--- Your assignment ---
No picture belongs in the answer, which must hold exactly the lines from the one with "C视频是四川日报全媒体出品的" through the final line below.
======== Information shown
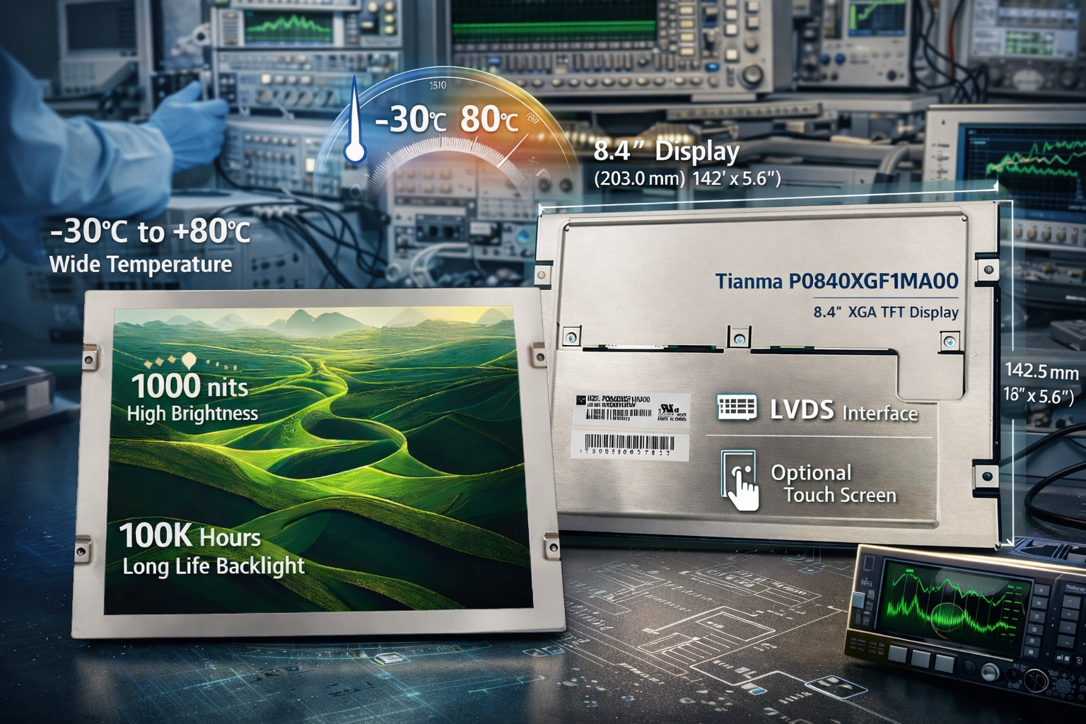 Offering exceptional brightness of 1000 nits and a wide operating temperature range from −30°C to +80°C, this display ensures optimal visibility and performance in diverse environments. Its extended backlight lifespan of 100K hours reduces maintenance needs, providing reliable functionality. Elevate your instrumentation systems with a display that balances high performance and space efficiency.
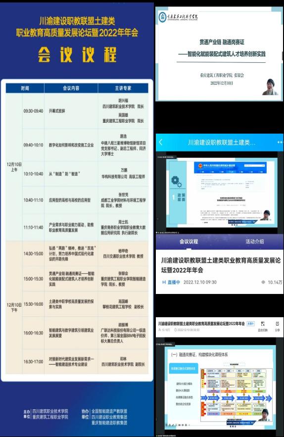 12月10日,川渝建设职教联盟土建类职业教育高质量发展论坛暨2022年年会在腾讯会议上举行,来自川渝地区40余家联盟成员单位、兄弟单位的领导、专家线上参会,直播吸引了10.2万余人次线上观看。中建八局三星堆博物馆新馆项目党支部书记、副总工程师、同济大学路浩博士,四川交通职业技术学院杨甲奇教授,成都工业学院材料与环境工程学院张世凭院长,四川建筑职业技术学院邓林副院长等9位专家围绕土建类职业教育高质量发展分别作报告。
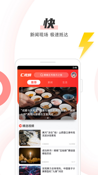 C视频是四川日报全媒体出品的定位快速阅览的微视频新闻客户端。以快速、精选、深度、沉浸为产品定位。以短小精悍的短视频为主,包含国内国际新闻的核心现场,以简洁的产品架构,为用户提供多样化、多维度的优质短视频新闻内容。
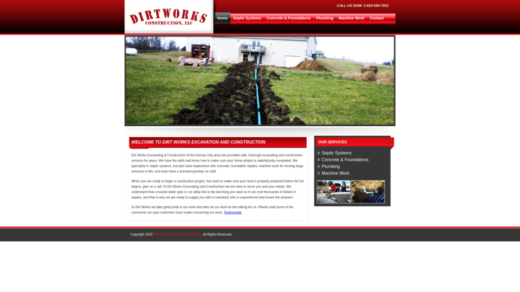 Dirt Works Excavating & Construction of the Kansas City area has provided safe, thorough excavating and construction services for years. We have the skills and know-how to make sure your home project is satisfactorily completed. We specialize in septic systems, but also have experience with concrete, foundation repairs, machine work for moving large amounts of dirt, and even have a licensed plumber on staff.
================
--- Exercise output ---
 C视频是四川日报全媒体出品的定位快速阅览的微视频新闻客户端。以快速、精选、深度、沉浸为产品定位。以短小精悍的短视频为主,包含国内国际新闻的核心现场,以简洁的产品架构,为用户提供多样化、多维度的优质短视频新闻内容。
 Dirt Works Excavating & Construction of the Kansas City area has provided safe, thorough excavating and construction services for years. We have the skills and know-how to make sure your home project is satisfactorily completed. We specialize in septic systems, but also have experience with concrete, foundation repairs, machine work for moving large amounts of dirt, and even have a licensed plumber on staff.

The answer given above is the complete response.